Print the data below exactly, but only the lines from the one containing "ラブラドールレトリバーのトピ" down to the one containing "Замок врезной с", inclusive.

■ Dataset records ■

========================================================================

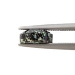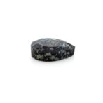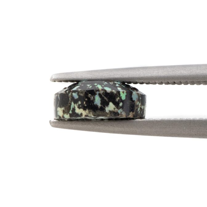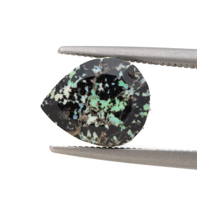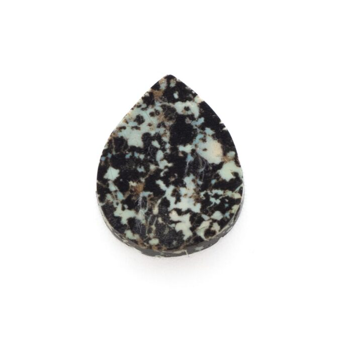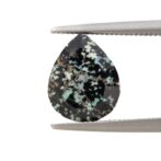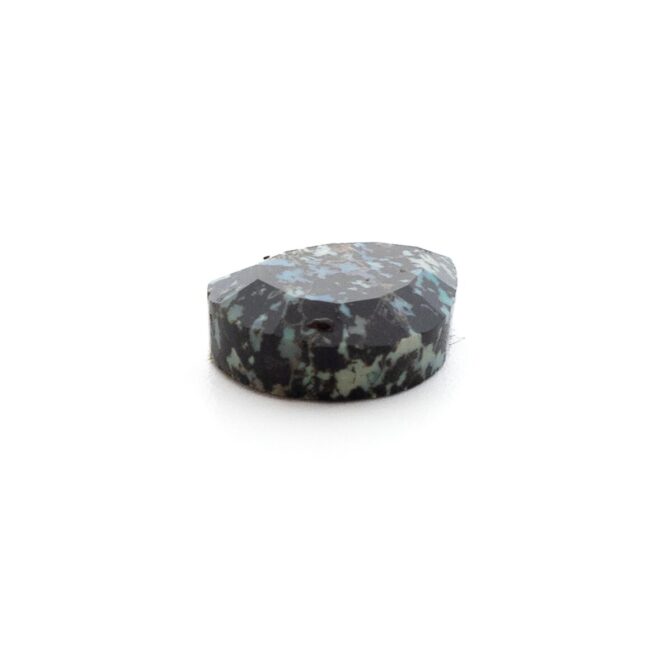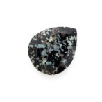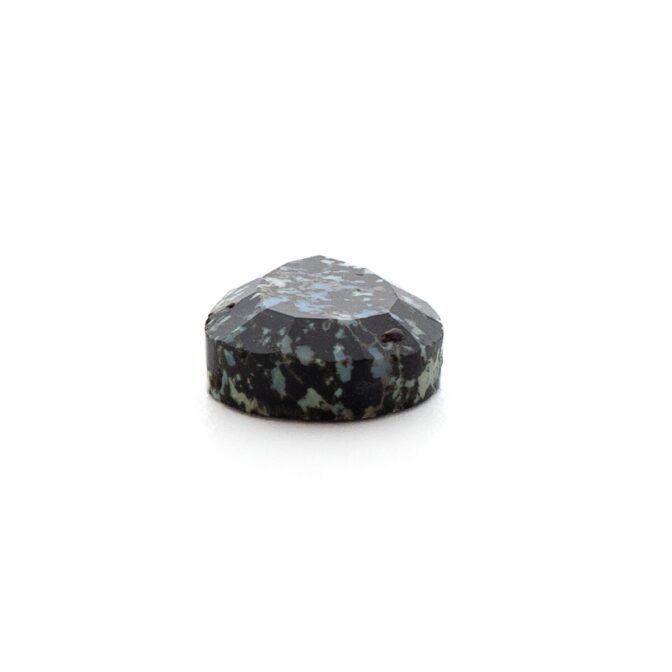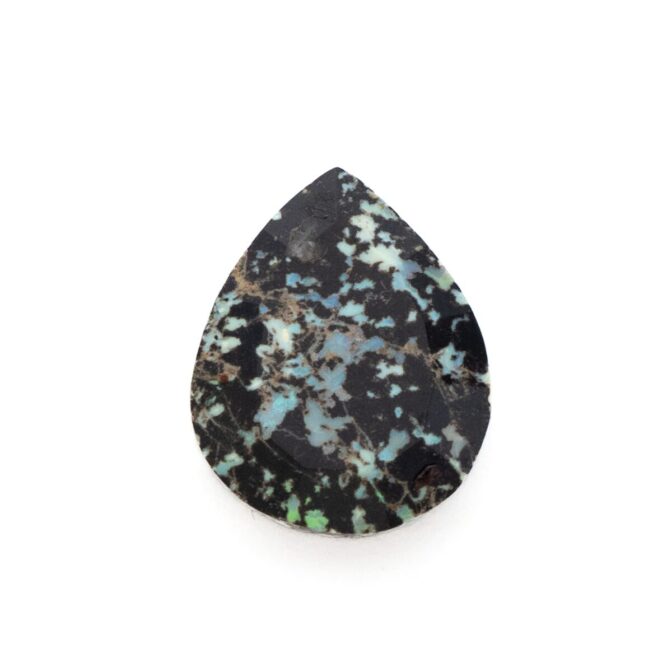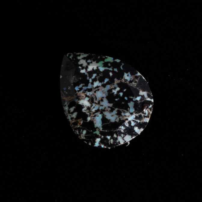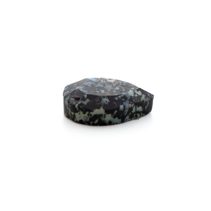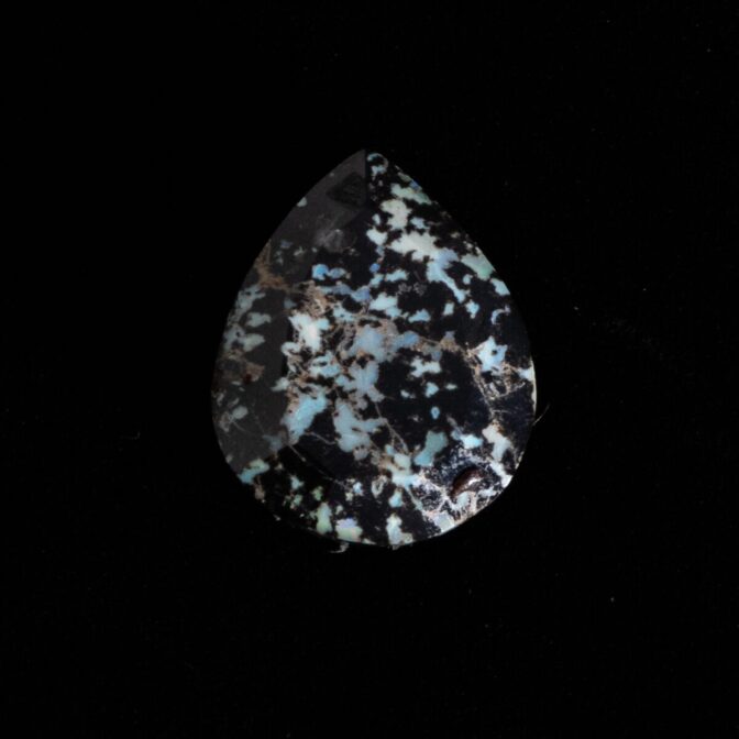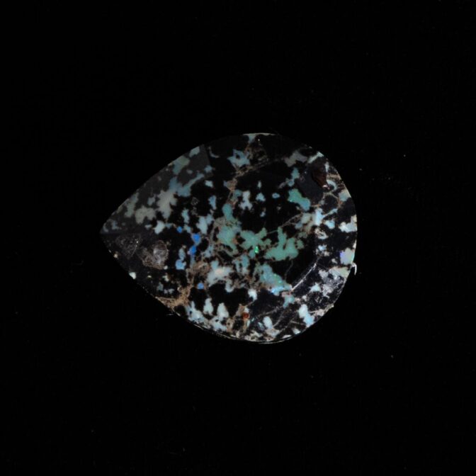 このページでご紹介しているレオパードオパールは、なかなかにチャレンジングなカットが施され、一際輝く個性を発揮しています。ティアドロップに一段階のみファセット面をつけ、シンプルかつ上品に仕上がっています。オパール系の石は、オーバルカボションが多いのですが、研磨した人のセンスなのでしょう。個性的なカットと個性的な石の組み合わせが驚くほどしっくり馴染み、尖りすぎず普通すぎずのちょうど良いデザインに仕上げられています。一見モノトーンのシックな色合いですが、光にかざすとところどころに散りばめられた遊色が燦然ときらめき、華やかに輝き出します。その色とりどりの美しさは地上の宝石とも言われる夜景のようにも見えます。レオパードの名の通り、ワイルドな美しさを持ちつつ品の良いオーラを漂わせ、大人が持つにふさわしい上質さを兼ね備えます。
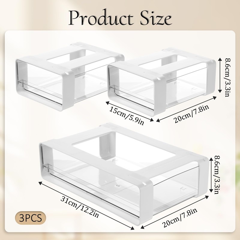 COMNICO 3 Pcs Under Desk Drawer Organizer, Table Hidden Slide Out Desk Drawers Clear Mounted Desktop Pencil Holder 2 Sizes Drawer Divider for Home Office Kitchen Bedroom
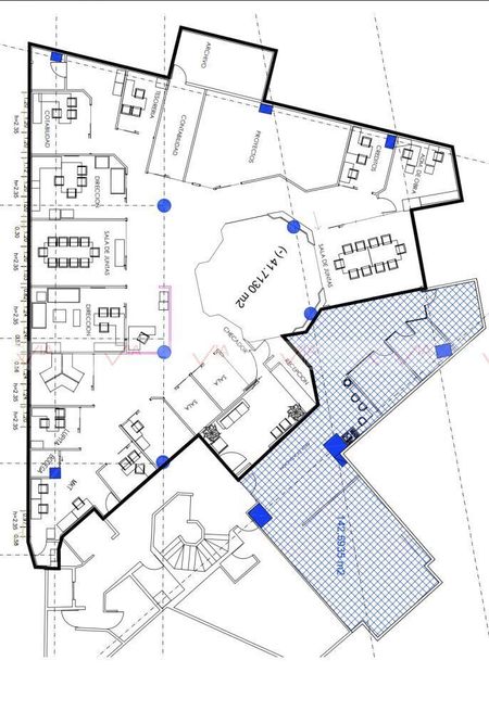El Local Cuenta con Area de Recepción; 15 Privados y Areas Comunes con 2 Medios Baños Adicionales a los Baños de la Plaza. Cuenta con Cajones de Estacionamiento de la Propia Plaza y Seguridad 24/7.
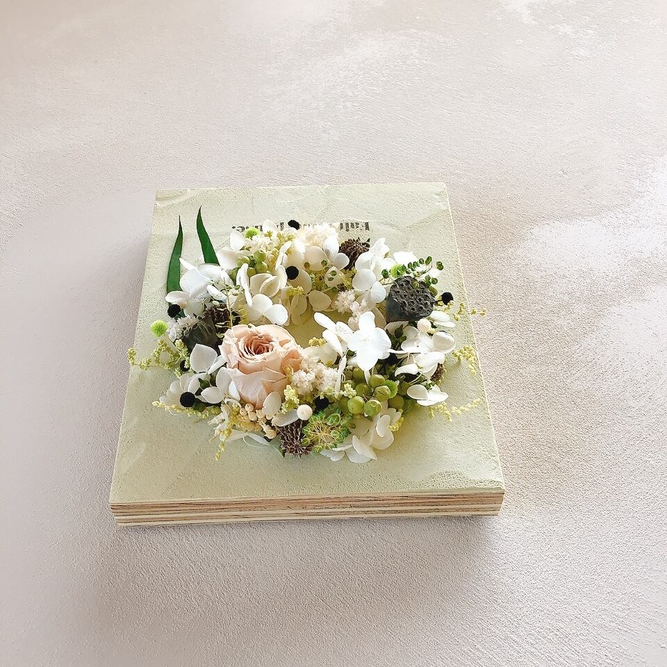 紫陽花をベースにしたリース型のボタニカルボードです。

========================================================================

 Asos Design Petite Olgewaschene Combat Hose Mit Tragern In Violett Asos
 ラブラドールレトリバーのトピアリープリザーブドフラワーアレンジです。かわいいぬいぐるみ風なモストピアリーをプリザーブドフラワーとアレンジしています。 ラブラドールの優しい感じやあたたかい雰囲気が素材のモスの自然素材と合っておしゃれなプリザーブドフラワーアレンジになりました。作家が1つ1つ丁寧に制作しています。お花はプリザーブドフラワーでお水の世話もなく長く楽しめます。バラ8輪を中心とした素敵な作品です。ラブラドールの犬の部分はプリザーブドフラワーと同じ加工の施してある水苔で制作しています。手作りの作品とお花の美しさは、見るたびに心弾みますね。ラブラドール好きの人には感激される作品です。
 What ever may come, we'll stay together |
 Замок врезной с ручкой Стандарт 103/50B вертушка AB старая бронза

========================================================================

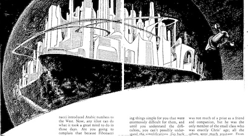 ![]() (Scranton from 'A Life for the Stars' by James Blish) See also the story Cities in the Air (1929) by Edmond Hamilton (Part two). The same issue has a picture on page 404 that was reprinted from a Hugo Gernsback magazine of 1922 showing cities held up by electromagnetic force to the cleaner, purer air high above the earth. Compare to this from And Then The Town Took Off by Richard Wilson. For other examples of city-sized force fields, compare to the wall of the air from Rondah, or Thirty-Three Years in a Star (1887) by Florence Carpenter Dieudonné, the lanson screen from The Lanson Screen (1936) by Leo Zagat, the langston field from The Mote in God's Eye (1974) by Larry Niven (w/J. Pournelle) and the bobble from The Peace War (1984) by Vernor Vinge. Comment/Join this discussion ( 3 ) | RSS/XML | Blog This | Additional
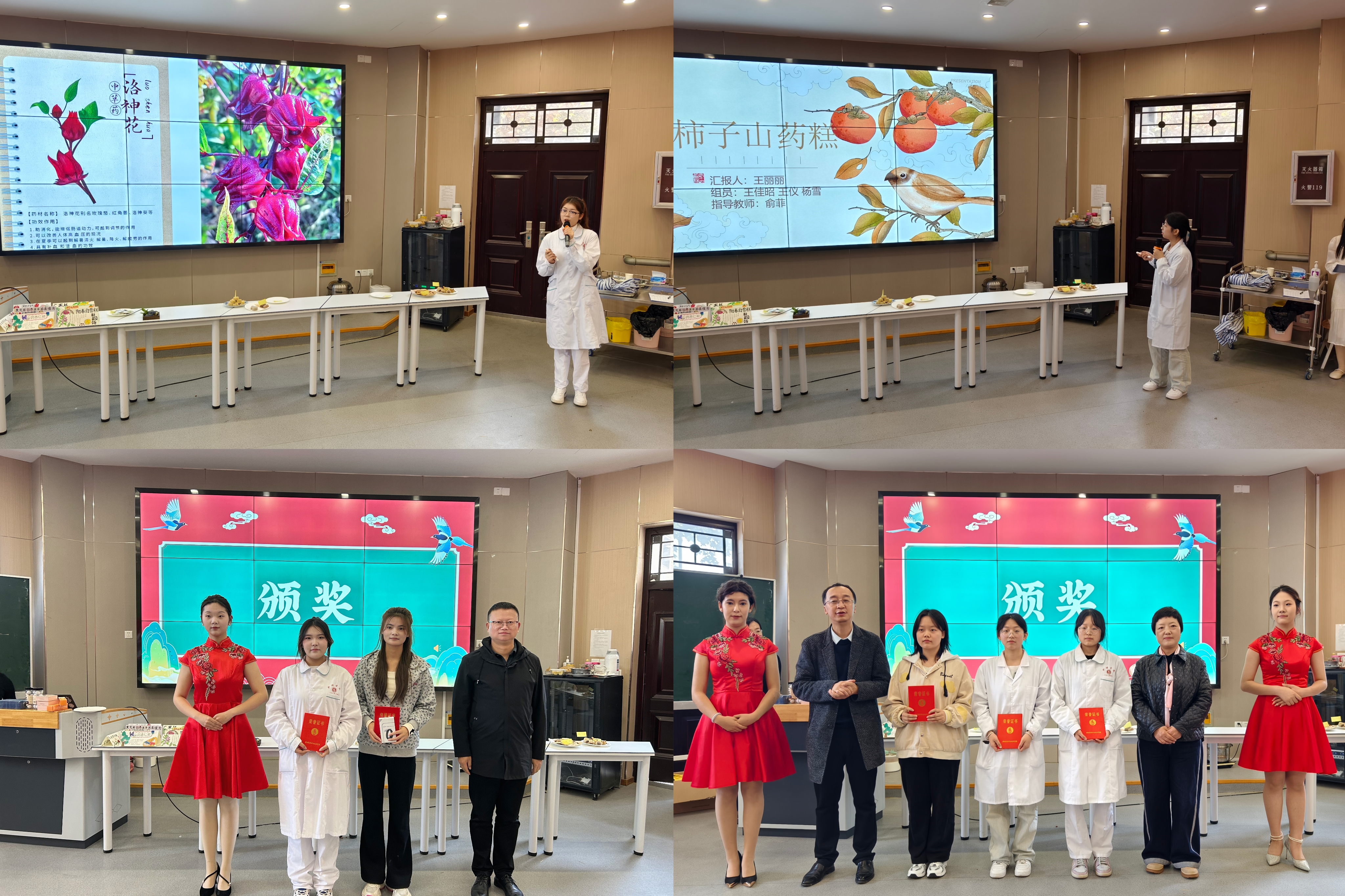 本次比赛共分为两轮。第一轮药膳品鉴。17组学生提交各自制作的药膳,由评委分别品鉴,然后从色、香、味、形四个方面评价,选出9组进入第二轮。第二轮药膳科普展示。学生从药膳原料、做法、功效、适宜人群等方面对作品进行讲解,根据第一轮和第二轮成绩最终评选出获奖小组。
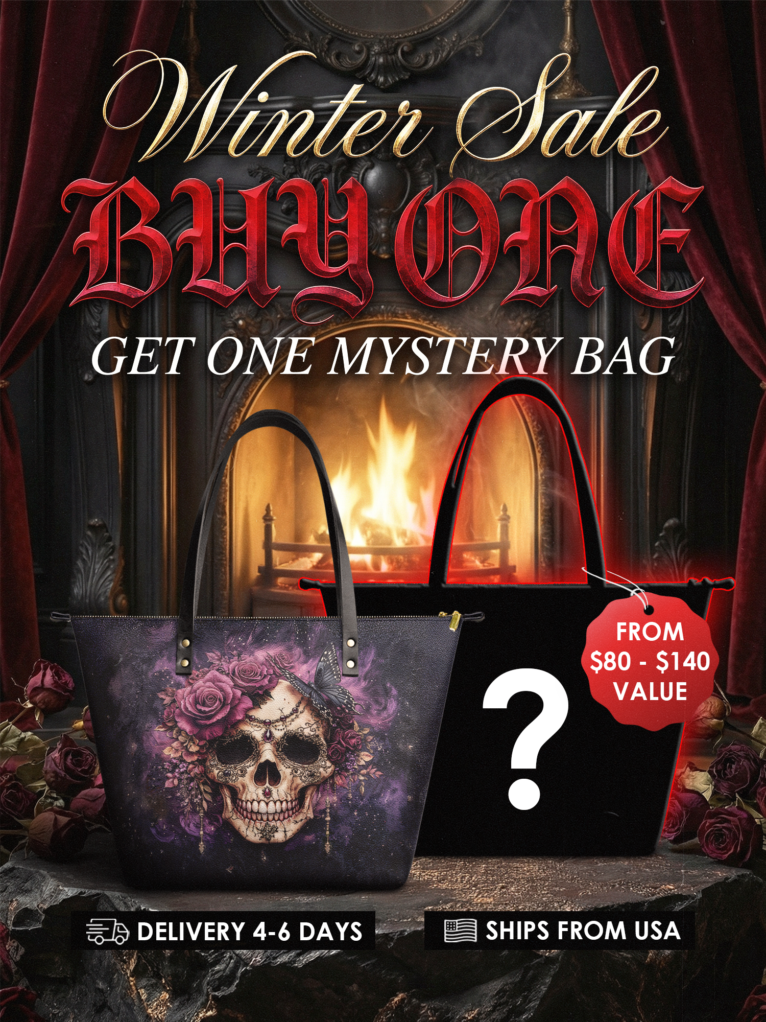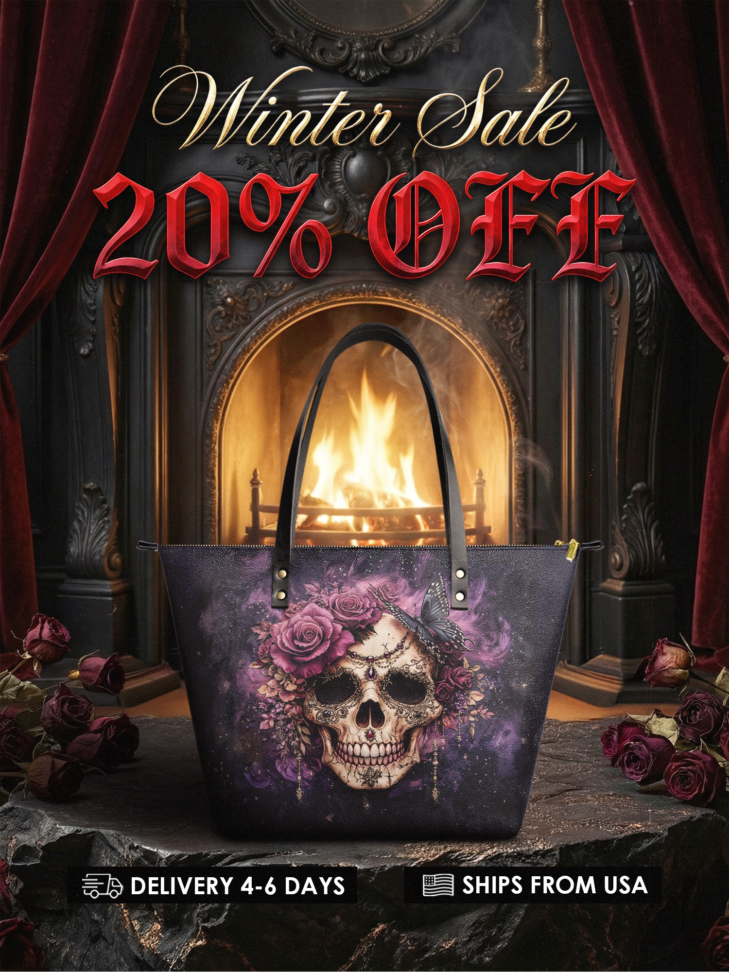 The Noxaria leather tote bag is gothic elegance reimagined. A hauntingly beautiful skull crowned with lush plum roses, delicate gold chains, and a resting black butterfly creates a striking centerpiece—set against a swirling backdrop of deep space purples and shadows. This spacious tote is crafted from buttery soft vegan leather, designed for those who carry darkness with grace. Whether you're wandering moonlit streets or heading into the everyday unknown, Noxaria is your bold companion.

========================================================================

■ Response below ■
 ラブラドールレトリバーのトピアリープリザーブドフラワーアレンジです。かわいいぬいぐるみ風なモストピアリーをプリザーブドフラワーとアレンジしています。 ラブラドールの優しい感じやあたたかい雰囲気が素材のモスの自然素材と合っておしゃれなプリザーブドフラワーアレンジになりました。作家が1つ1つ丁寧に制作しています。お花はプリザーブドフラワーでお水の世話もなく長く楽しめます。バラ8輪を中心とした素敵な作品です。ラブラドールの犬の部分はプリザーブドフラワーと同じ加工の施してある水苔で制作しています。手作りの作品とお花の美しさは、見るたびに心弾みますね。ラブラドール好きの人には感激される作品です。
 What ever may come, we'll stay together |
 Замок врезной с ручкой Стандарт 103/50B вертушка AB старая бронза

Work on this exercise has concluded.